* _Your goal_
Look below for the line that contains "J’ai débuté ma", then copy it and each following line to the end of the records, minus any pictures.

* _Listed entries_
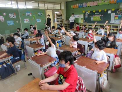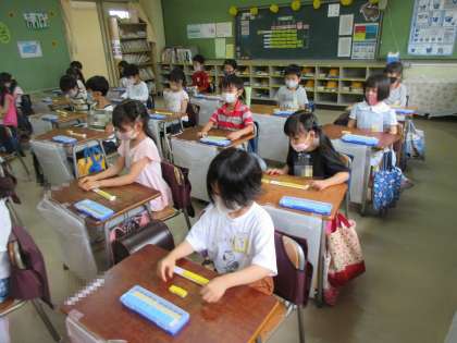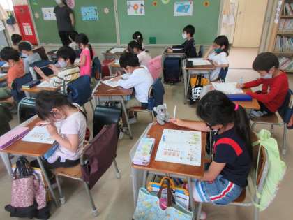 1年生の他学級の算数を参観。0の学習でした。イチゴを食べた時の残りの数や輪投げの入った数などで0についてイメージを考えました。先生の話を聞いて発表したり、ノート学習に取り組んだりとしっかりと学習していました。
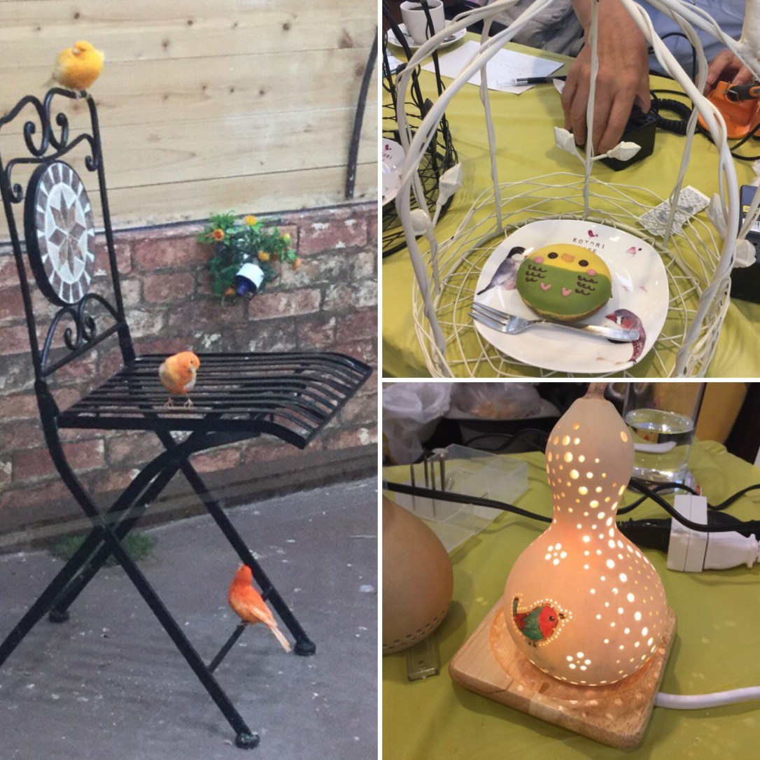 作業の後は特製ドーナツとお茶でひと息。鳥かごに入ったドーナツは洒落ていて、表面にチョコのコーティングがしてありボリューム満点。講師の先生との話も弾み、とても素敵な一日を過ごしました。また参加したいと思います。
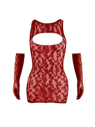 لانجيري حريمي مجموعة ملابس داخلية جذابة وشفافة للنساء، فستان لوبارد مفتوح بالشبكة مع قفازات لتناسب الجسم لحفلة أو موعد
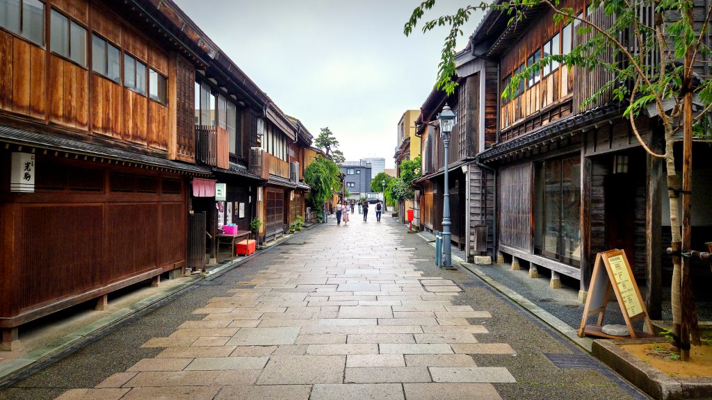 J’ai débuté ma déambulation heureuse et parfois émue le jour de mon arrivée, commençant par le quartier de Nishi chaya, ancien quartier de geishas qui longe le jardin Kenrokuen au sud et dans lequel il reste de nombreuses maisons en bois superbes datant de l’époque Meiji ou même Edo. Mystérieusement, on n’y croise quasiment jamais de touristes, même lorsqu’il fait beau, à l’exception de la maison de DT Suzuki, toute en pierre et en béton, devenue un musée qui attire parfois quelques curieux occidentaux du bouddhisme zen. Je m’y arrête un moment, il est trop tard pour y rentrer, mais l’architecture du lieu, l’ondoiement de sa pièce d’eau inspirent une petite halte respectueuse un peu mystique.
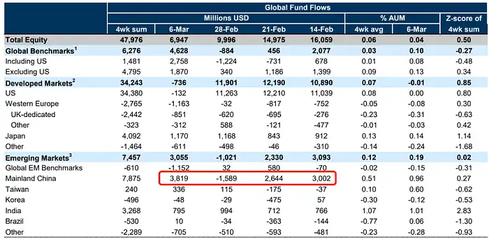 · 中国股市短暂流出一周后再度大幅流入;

* _Reply_
 J’ai débuté ma déambulation heureuse et parfois émue le jour de mon arrivée, commençant par le quartier de Nishi chaya, ancien quartier de geishas qui longe le jardin Kenrokuen au sud et dans lequel il reste de nombreuses maisons en bois superbes datant de l’époque Meiji ou même Edo. Mystérieusement, on n’y croise quasiment jamais de touristes, même lorsqu’il fait beau, à l’exception de la maison de DT Suzuki, toute en pierre et en béton, devenue un musée qui attire parfois quelques curieux occidentaux du bouddhisme zen. Je m’y arrête un moment, il est trop tard pour y rentrer, mais l’architecture du lieu, l’ondoiement de sa pièce d’eau inspirent une petite halte respectueuse un peu mystique.
 · 中国股市短暂流出一周后再度大幅流入;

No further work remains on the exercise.